“If we are victorious in one more battle with the Romans, we shall be utterly ruined.” – King Pyrrhus (apocryphal): “A Pyrrhic victory is a victory with such a devastating cost that it is tantamount to defeat. Someone who wins a Pyrrhic victory has been victorious in some way; however, the heavy toll negates any sense of achievement or profit.” http://en.wikipedia.org/wiki/Pyrrhic_victory
There is no question that cloud computing is going to be a growing market. It will also be a huge market. But it will probably also be a lousy, low-profit, high anxiety market for the infrastructure suppliers. A loose analogy; Wal-Mart was also a fast-growing, huge market, but selling to Wal-Mart sucked. It probably sucked even more as Wal-Mart got more dominant.
The major cloud providers customers are going to be awful to work for (and suppliers will really be working “for” more than “with” them).

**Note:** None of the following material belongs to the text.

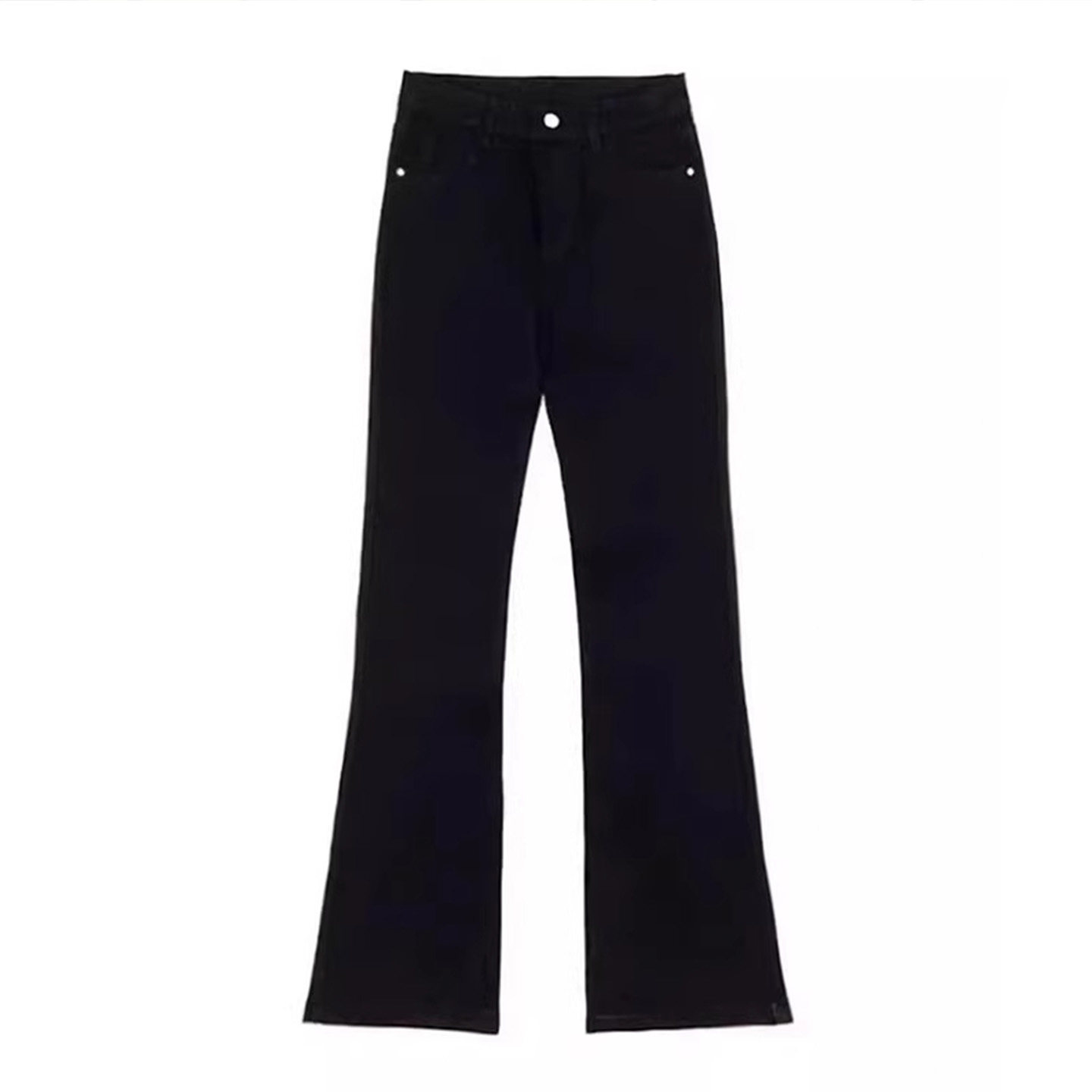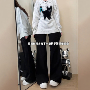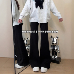 胖mm宽松显瘦垂感弹力喇叭裤 黑色不贴腿微喇牛仔裤 大码 新款 女秋季

- They are going to be very few customers: Lets face it, these days “the cloud” is basically Amazon and a bunch of VERY distant number 2’s. We’ll assume that a few other players catch up (with even that far from certain). That is a painfully concentrated market to sell into.
- They aren’t dumb. The big cloud guys can afford to hire people who are as smart (or smarter) than their suppliers. The dirty little secret of enterprise technology is that its profits depend largely on most customers being the sort of gutless time-servers you would expect to gravitate toward an internal support function. That wont be the case here.
- They are going to manage (brutally) to a lowest total cost model. For a cloud provider, the infrastructure is a direct cost that sets gross margin, not some vague “administrative overhead” cost allocation like in traditional enterprise IT. That gross margin number will attract brutal internal pressure from every executive in the company. It will attract even more brutal external pressure from competition in what will be a fairly transparently priced market. That sums to a whole lot of pent-up brutality – which will be vented to foul the air of the cloud infrastructure suppliers.
- They will have HUGE leverage. Obviously, the cloud vendors will be writing make-or-break-the-quarter checks almost every quarter.
- They will have weak vendor lock-in. Cloud builds are done (and re-done) on a per-data-center-basis. With demand increasing fast, there will be frequent new builds. That means frequent “clean-sheet-of-paper” competitions as the buyer tries to figure out a lower-total-cost equation using all possible vendors. A dominant role in data center “A” doesn’t mean much if you are starting from scratch designing data center B, C, D, and so on.
- They will try to build the good stuff in-house. The equation infrastructure = gross margin = competitive position resolves in favor of in-house, proprietary, “secret sauce” developer teams. If Amazon can figure out a way to run their infrastructure a few points cheaper, why in God’s name would they develop that with a vendor who’ll just sell it to everyone else? So the vendors are going to be stuck selling semi-finished, programmable gear that the cloud players will finish tweaking themselves.
None of the above sounds particularly appealing. I’m trying to approach the whole “cloud” phenomena as a series of vignette posts vs one big dissertation, so more to follow.